Even knowing, Ms. Ramond said, she could do nothing to secure her home, a shack made of tarp, wood and a tin door. The roof blew off in an unnamed Sept. 24 storm that ripped through the capital, killing at least five people and destroying or damaging thousands of tents.

“They always go around and tell us to tie the tarps up, but I don’t have a rope,” she said.

The family lost their home in the earthquake, which killed Ms. Ramond’s niece. Her brother, Joel, is hospitalized with cholera in the Artibonite Valley - part of an epidemic that has killed more than 300 people and hospitalized more than 4,700.

Her infant son, Lovenson, has had bouts of diarrhoea recently that she said are caused by mud flowing into their shelter. His first birthday was Monday, which was also the first day of Haiti’s Voodoo festival of the dead, Fet Gede. Ms. Ramond said she doesn’t have money to celebrate either.

Those with more money have a better chance of being prepared. Leonide Paul said she had received news about the storm via an automated text message, and would go out and buy food, water and extra fuel to prepare.

Tomas would be the first major storm to strike Haiti since the Jan. 12 earthquake killed as many as 300,000 people and forced millions from their homes. It would also be the first tropical storm or hurricane to hit since 2008, when the storms Fay, Gustav, Hanna and Ike battered Haiti in the space of a month, killing nearly 800 people and wiping out 15 percent of the economy.

Piles of rubble and partially collapsed buildings still fill the capital from the quake. Reconstruction is grinding along without promised aid funds, including $1.15 billion promised by the United States in March.

There are shortages of 150,000 tarps as well as soap, hygiene kits, field tents, radios and oral rehydration salts for treating cholera, U.N. Humanitarian Coordinator Nigel Fisher said in a statement.

“We need emergency shelter. We need water and sanitation supplies. And we need as much of it as possible in place before Hurricane Tomas hits,” Mr.

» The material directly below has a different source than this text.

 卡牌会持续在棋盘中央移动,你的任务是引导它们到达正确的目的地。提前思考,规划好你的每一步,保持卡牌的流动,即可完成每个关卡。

Fisher said.

Warehouses are being emptied of existing stocks of rope and tarp to help people in camps, said Imogen Wall, spokeswoman for the U.N. Office for the Coordination of Humanitarian Affairs.

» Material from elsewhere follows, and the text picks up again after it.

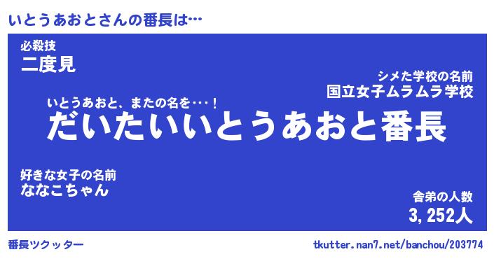 | 2回繰り返すあだ名 | 『いといと』『いいとと』『ぬるぬる』 |

The U.S. Southern Command ordered an amphibious warfare ship, the USS Iwo Jima, to sail to Haiti and stand by to provide disaster relief in case Tomas does hit. The ship had to cut short a humanitarian mission in Suriname.

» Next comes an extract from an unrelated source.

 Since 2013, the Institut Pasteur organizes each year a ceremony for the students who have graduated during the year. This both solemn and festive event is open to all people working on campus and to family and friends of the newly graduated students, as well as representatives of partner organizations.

After weakening back to a tropical storm Sunday evening, Tomas was swirling westward in the middle of the Caribbean and wasn’t an immediate threat to land. But the storm is expected to regain power and veer toward Haiti late in the week.

“Right now they just need to stay tuned,” said John Cangialosi at the U.S. Hurricane Center in Miami. “This is the stage to be aware.”

Late Monday, Tomas had maximum sustained winds of 45 mph (75 kph) and was centered about 365 miles (590 kilometers) south-southeast of Haiti’s quake-ravaged capital, Port-au-Prince. It was moving west at 12 mph (19 kph).

As a hurricane Saturday, Tomas was blamed for at least 14 deaths in a cluster of islands in the eastern Caribbean, causing damage that St. Vincent Prime Minister Ralph Gonsalves described as “the worst we have seen in living memory.”

Fields of bananas - a major export for St. Vincent - were flattened and roughly 300 homes were severely damaged. Hundreds of St. Vincent residents were treated in clinics for injuries, particularly in Sandy Bay on the island’s northeast coast.

In St. Lucia, Tomas inflicted severe damage on southern areas, particularly Vieux Fort, the island’s second-largest town and the home of the international airport. Two main bridges were left impassable with gaping holes, cutting the community off from the capital, Castries.

On Monday evening, Prime Minister Stephenson King said 14 people were confirmed dead in St. Lucia, most in the hard-hit southern town of Soufriere. He did not disclose specifics of how the people died.

Tourism Minister Allen Chastanet told a St. Lucia radio station that Tomas triggered numerous landslides in Soufriere, which he said “looks like a war zone.”